Poly(aminoimino)heptazine, otherwise known as Liebig's melon, whose composition and structure has been subject to multitudinous speculations, was synthesized from melamine at 630 °C under the pressure of ammonia. Electron diffraction, solid‐state NMR spectroscopy, and theoretical calculations revealed that the nanocrystalline material exhibits domains well‐ordered in two dimensions, thereby allowing the structure solution in projection by electron diffraction. Melon ([C6N7(NH2)(NH)]n, plane group p2 gg, a=16.7, b=12.4 Å, γ=90°, Z=4), is composed of layers made up from infinite 1D chains of NH‐bridged melem (C6N7(NH2)3) monomers. The strands adopt a zigzag‐type geometry and are tightly linked by hydrogen bonds to give a 2D planar array.

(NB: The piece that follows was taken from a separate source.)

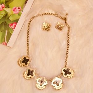 Flower Crystal Statement Necklace And Earrings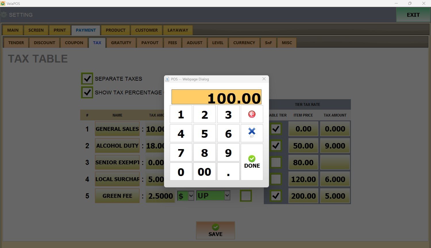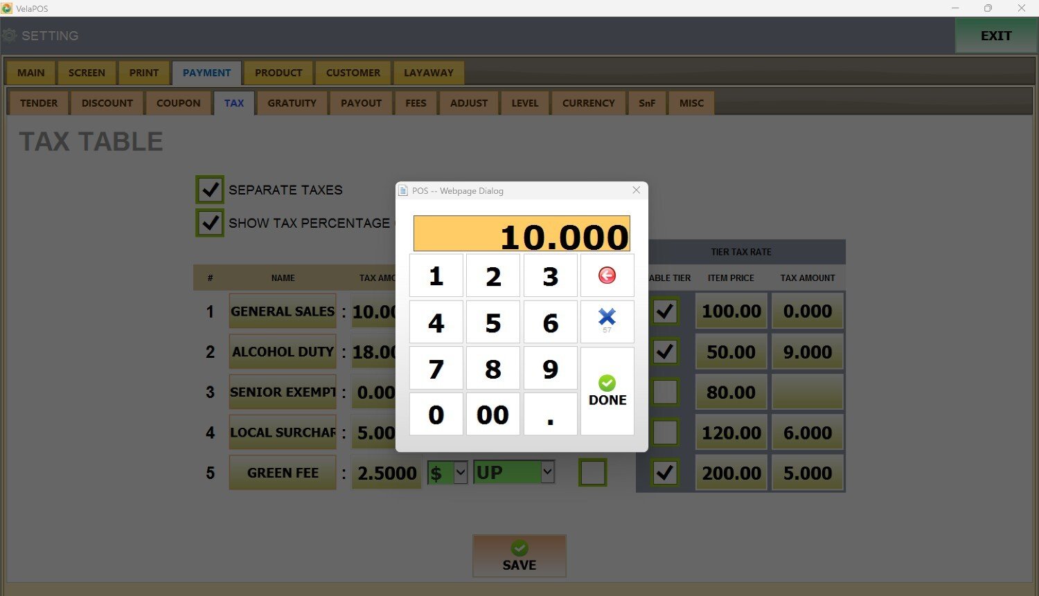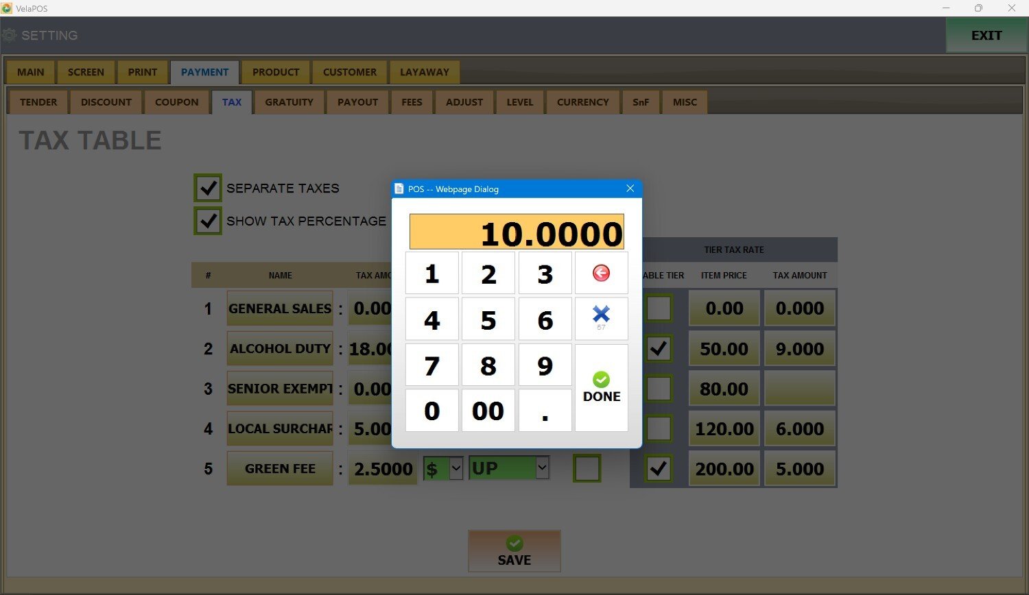 Enter the tax amount for that tier, and press DONE.

The inter‐layer distance was determined to be 3.2 Å from X‐ray powder diffraction. The presence of heptazine building blocks, as well as NH and NH2 groups was confirmed by 13C and 15N solid‐state NMR spectroscopy using 15N‐labeled melon. The degree of condensation of the heptazine core was further substantiated by a 15N direct excitation measurement. Magnetization exchange observed between all 15N nuclei using a fp‐RFDR experiment, together with the CP‐MAS data and elemental analysis, suggests that the sample is mainly homogeneous in terms of its basic composition and molecular building blocks. Semiempirical, force field, and DFT/plane wave calculations under periodic boundary conditions corroborate the structure model obtained by electron diffraction. The overall planarity of the layers is confirmed and a good agreement is obtained between the experimental and calculated NMR chemical shift parameters. The polymeric character and thermal stability of melon might render this polymer a pre‐stage of g‐C3N4 and portend its use as a promising inert material for a variety of applications in materials and surface science. The structure of Liebig's melon [C6N9H3]n has been unravelled by means of electron diffraction after decades; it represents the missing link to graphitic carbon nitride and the first structurally characterized polymeric carbon nitride material. The graphite‐like, heptazine‐based structure (see picture) sheds new light on the nature of the elementary building‐blocks of graphitic carbon nitride, the commonly claimed synthesis of which may be put into perspective by this closely related “defect variant” thereof.